# WHAT YOU NEED TO DO
Every entry below must be retyped exactly, and the pictures must be left out.

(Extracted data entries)
┌────────
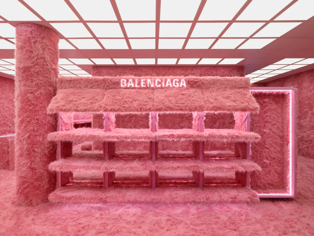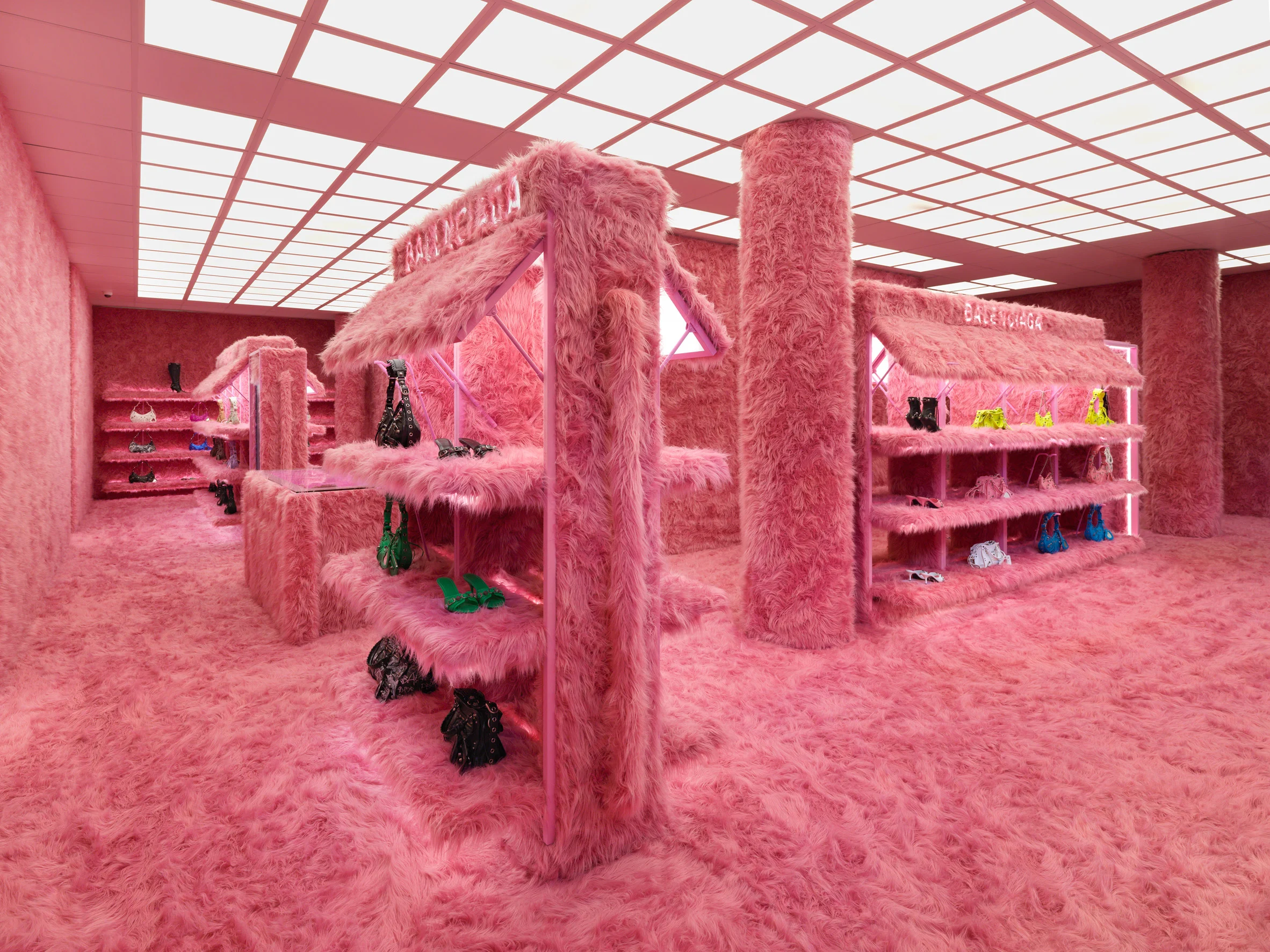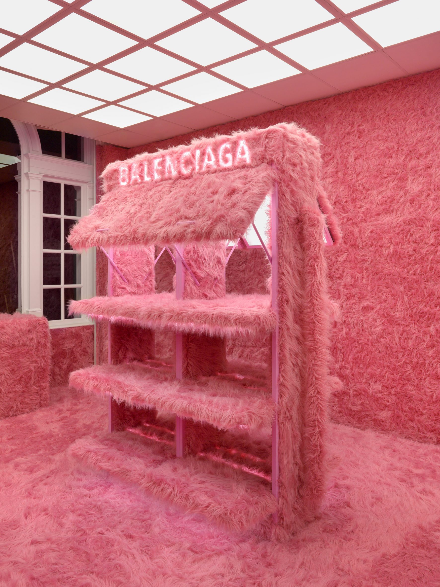 Để ra mắt bộ sưu tập (BST) Le Cagole, thương hiệu thời trang Balenciaga đã có sự biến tấu độc đáo cho cửa hàng Mount Street của mình ở London theo chủ nghĩa tối đa bằng cách phủ toàn bộ không gian nội thất trong bộ lông màu hồng sặc sỡ.
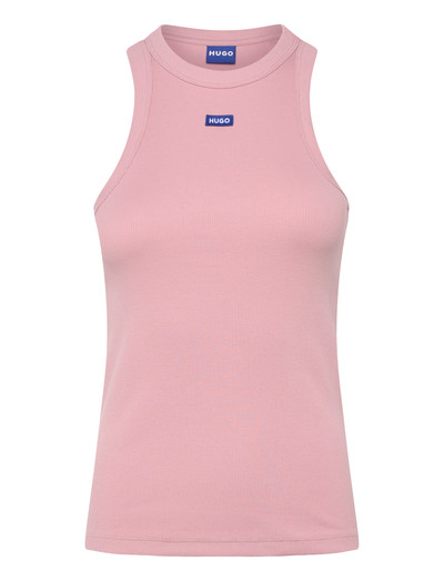 Denne ribstrikkede tanktop har et badge-logo for diskret branding. Det ærmeløse design gør den perfekt som lag eller alene.
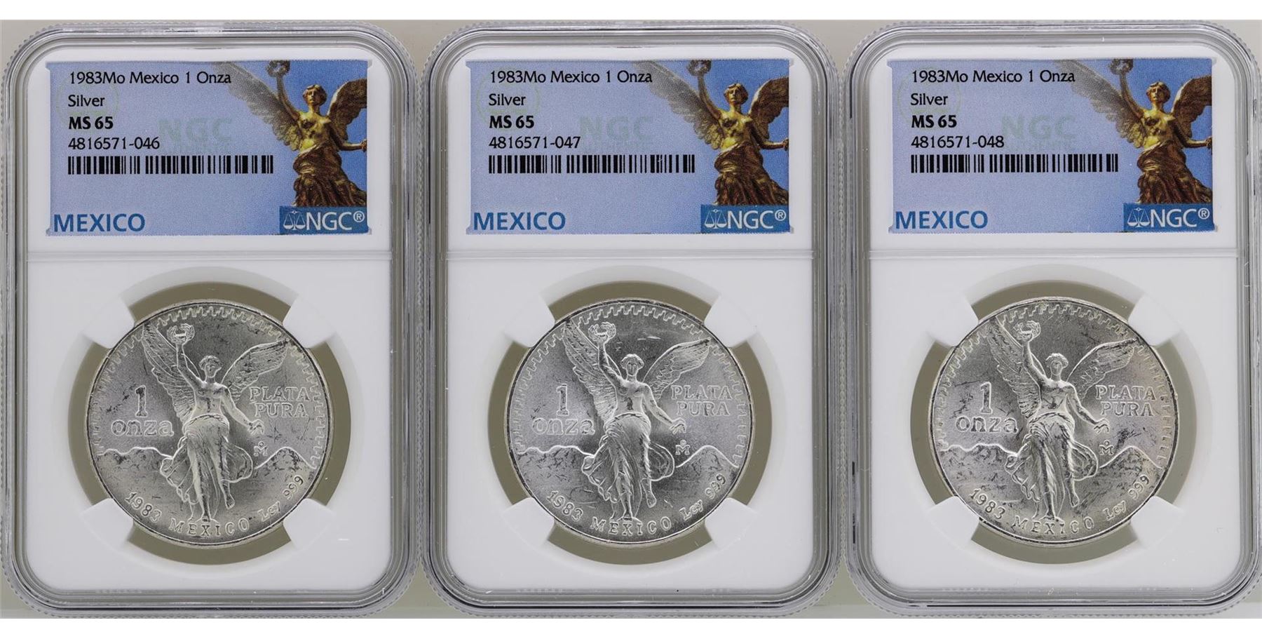 One Lot of (3) 1983Mo Mexico Libertad Onza Silver Coins NGC MS65. NGC Certified.
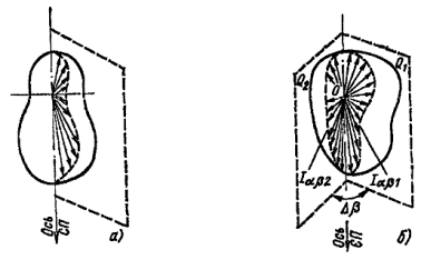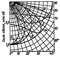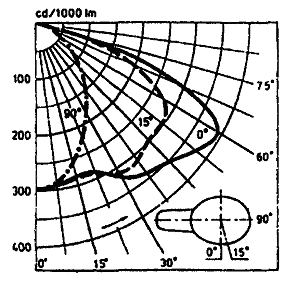 перпендикулярной его оси, и кривые силы света в продольной и поперечной
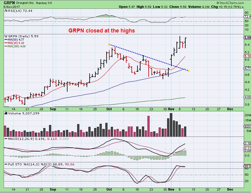 GRPN – Basically rising every day, it does seem to be heading for $6 and could just keep going higher.    The chart is still bullish longer term, and you could ride this longer if you want, but I may lock in gains soon. I just wanted to mention that for those with a longer term plan, this looks just fine.
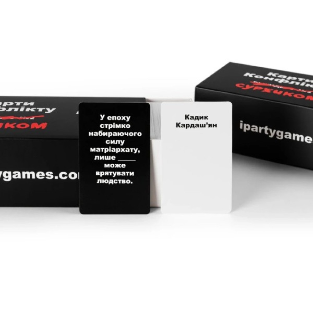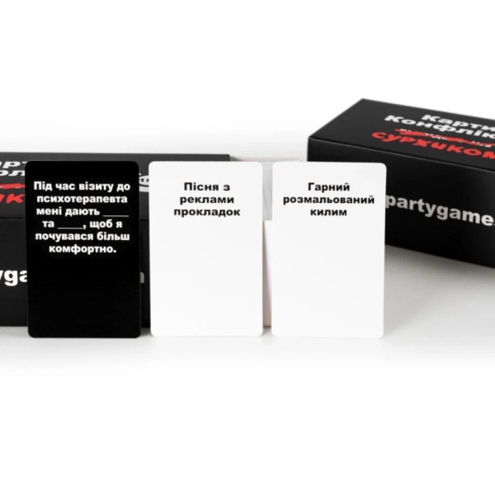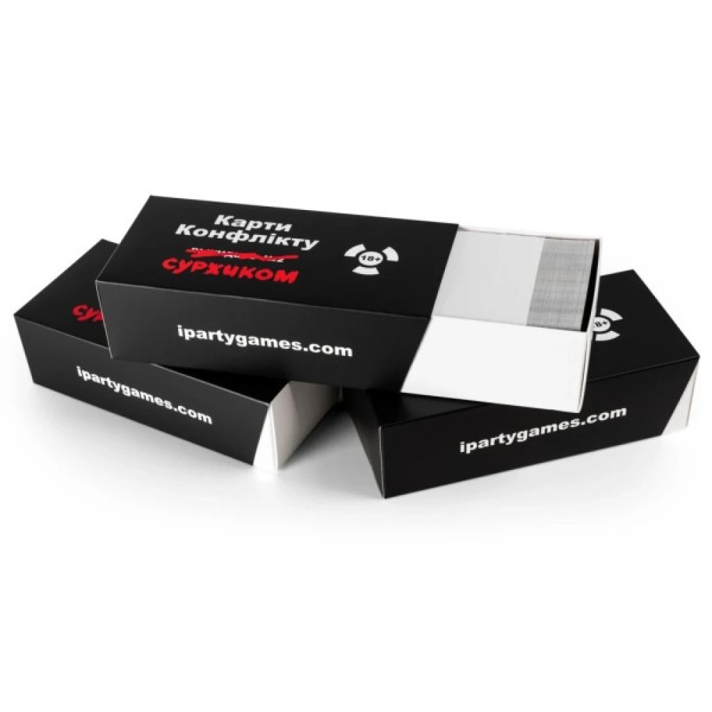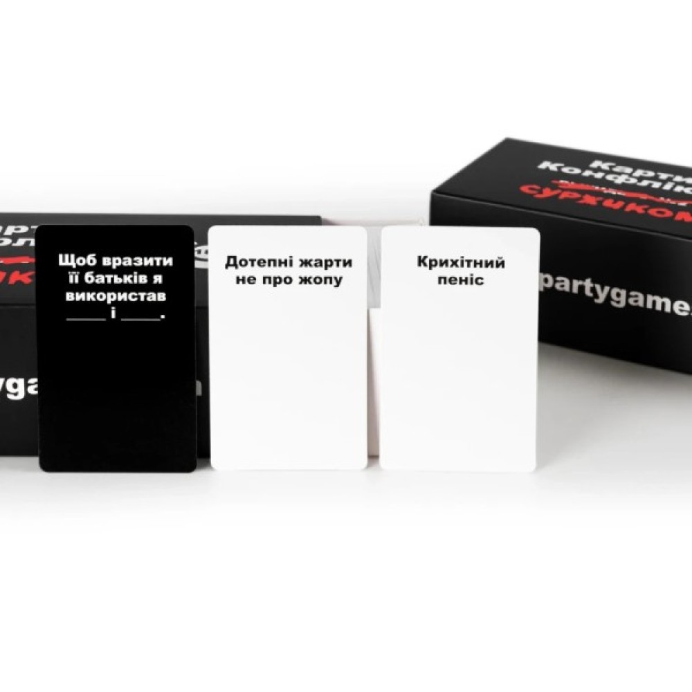 ТЕПЕР СУРЖИКОМЦя версія майже повністю повторює Карти конфлікту. Видання №2, перекладене українською мовою, та містить деякі зміни у питаннях та відповідях. Як відомо, українською все звучить ще смішніше, а коли зустрічаються слівця суржиком, то це може довести вашу компанію до дикого реготу.
└────────
# RESPONSE TO THIS TASK
 Để ra mắt bộ sưu tập (BST) Le Cagole, thương hiệu thời trang Balenciaga đã có sự biến tấu độc đáo cho cửa hàng Mount Street của mình ở London theo chủ nghĩa tối đa bằng cách phủ toàn bộ không gian nội thất trong bộ lông màu hồng sặc sỡ.
 Denne ribstrikkede tanktop har et badge-logo for diskret branding. Det ærmeløse design gør den perfekt som lag eller alene.
 One Lot of (3) 1983Mo Mexico Libertad Onza Silver Coins NGC MS65. NGC Certified.
 перпендикулярной его оси, и кривые силы света в продольной и поперечной
 GRPN – Basically rising every day, it does seem to be heading for $6 and could just keep going higher.    The chart is still bullish longer term, and you could ride this longer if you want, but I may lock in gains soon. I just wanted to mention that for those with a longer term plan, this looks just fine.
 ТЕПЕР СУРЖИКОМЦя версія майже повністю повторює Карти конфлікту. Видання №2, перекладене українською мовою, та містить деякі зміни у питаннях та відповідях. Як відомо, українською все звучить ще смішніше, а коли зустрічаються слівця суржиком, то це може довести вашу компанію до дикого реготу.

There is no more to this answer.